The chemistry between DiCaprio and Winslet’s Jack and Rose is stronger than ever and even though we might know the two were more like brother and sister offscreen they seemed perfectly matched here.  Maybe they don’t smolder as much as they could but it’s clear why the two are drawn to each other and how their brief time together influences how their story ends up.

Cameron is really a master at creating epics with two or three subplots that could be movies themselves.  In True Lies, the central storyline is pretty much abandoned for the subplot revolving around Arnold Schwarzenegger and Jamie Lee Curtis’s fractured marriage.  Right when you’ve forgotten you were seeing a spy actioner Cameron snaps you back to reality and ties the storylines together.  That’s true for Titanic as well.  The film starts in one place, veers to another for an extended amount of time and then watches as both plotlines intersect and move forward as one. 

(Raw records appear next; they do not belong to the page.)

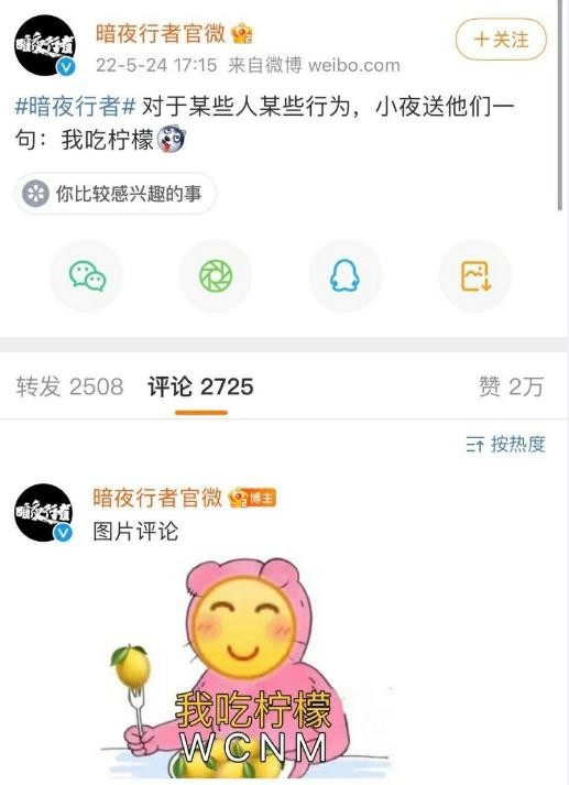 同日傍晚,李易峰主演的新剧《暗夜行者》官方微博疑似对此次水军刷差评的行为作出回应,称“对于某些人某些行为,小夜送他们一句:我吃柠檬”,并在评论区附图“我吃柠檬”(该图具有骂人含义),截至发稿,该回应在官微中已经不见踪影,疑被删除。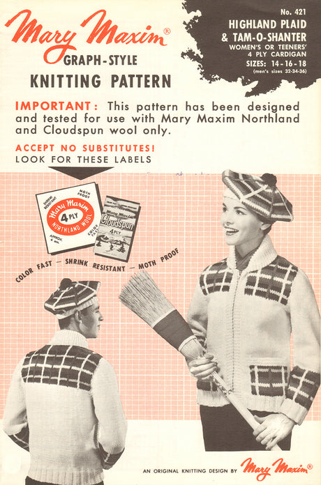 Highland Plaid Cardigan & Matching Tam - O - Shanter Pattern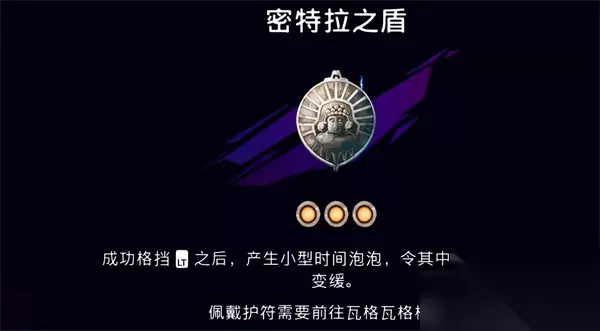 15.密特拉之盾 密特拉之盾这个护符很强力,能在成功格挡之后,产生小型时间泡泡,令其中所有敌人行动变缓。兵匠会给予玩家一个支线任务,叫做发掘远古力量,完成这个任务就能获取护符。 获取流程>>>密特拉之盾护符加成及获取攻略

The only problem I really have with Cameron the screenwriter is his tendency to let the actors narrate what they are doing as they are doing it.  It’s almost as if he doesn’t think the audience will keep up with him and maybe he’s right.  Still, I highly doubt that anyone needs to hear DiCaprio and Winslet both utter the lines “This water is cold!”…I think we probably already guessed that.  I want to go on record as saying that I still hate the spitting scene…it’s gross and even if it does set-up something later it’s never been my favorite.  Plus, it’s clearly ad-libbed and Winslet/DiCaprio aren’t very good at it.  Also not very good: Danny Nucci’s terrible Italian accent.  It’s as if all he had to practice with was a recording of “That’s Amore.”

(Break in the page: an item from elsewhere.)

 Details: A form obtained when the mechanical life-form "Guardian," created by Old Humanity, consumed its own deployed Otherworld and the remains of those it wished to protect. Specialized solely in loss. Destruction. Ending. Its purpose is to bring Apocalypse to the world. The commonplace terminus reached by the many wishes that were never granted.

Supporting characters are key in Cameron’s films as well.  From Paxton’s surfer guy delivery (actually…doesn’t he always talk like that) to Fisher’s sinister turn as Winslet’s mother to Zane’s almost cartoony villain there is no archetype left on land.  Best of all is Bates as the “Unsinkable” Molly Brown.  In a role originally intended for Reba McEntire, Bates makes every moment count like the pro she is.  Various others fill out their duties as passengers and crew of the doomed ship and each carve out their roles quite well…it’s a melting pot of accents and styles but it does all work in the end.

The effects are glorious here as is James Horner’s much lampooned score.  One probably can’t get away with reviewing this without mentioning “My Heart Will Go On” and Celine Dion’s performance of it.  Again, remember that before it was playing in every elevator and being sung by every drunk girl at karaoke it was a bona fide power ballad that actually did go on and on.  Listening to it as used in the movie, it’s free of the vocal melisma Dion would start to apply to it in concerts to change it up.  I also enjoy that the theme is used in several key spots to highlight a particularly romantic section of the movie.

Even though Cameron took a few giant liberties with the story, his attention to detail is what really pushes this film into the timeless classic territory.  Endlessly and obsessively researched, you can see this is a labor of love for him…a true passion project.  When a director invests that much of himself into the mix it can be hard to be subjective but I think what’s in the movie is perfectly placed and well executed. 

Is a return trip to Titanic worthy just to see it in 3D?  Yes, actually, it is.  It deservedly won 11 of the 14 Oscars it was nominated for and from a technical standpoint alone it’s required viewing in my book.  You can fast forward through the slightly overly saccharine middle section if you must but there is good work to be seen here.  I especially think it’s interesting to have seen this as a teenager and now seeing it again as a true blue adult.  I reacted differently to it this time around and found myself paying attention to the sadness of it all rather than the grand epic-ness during its initial release.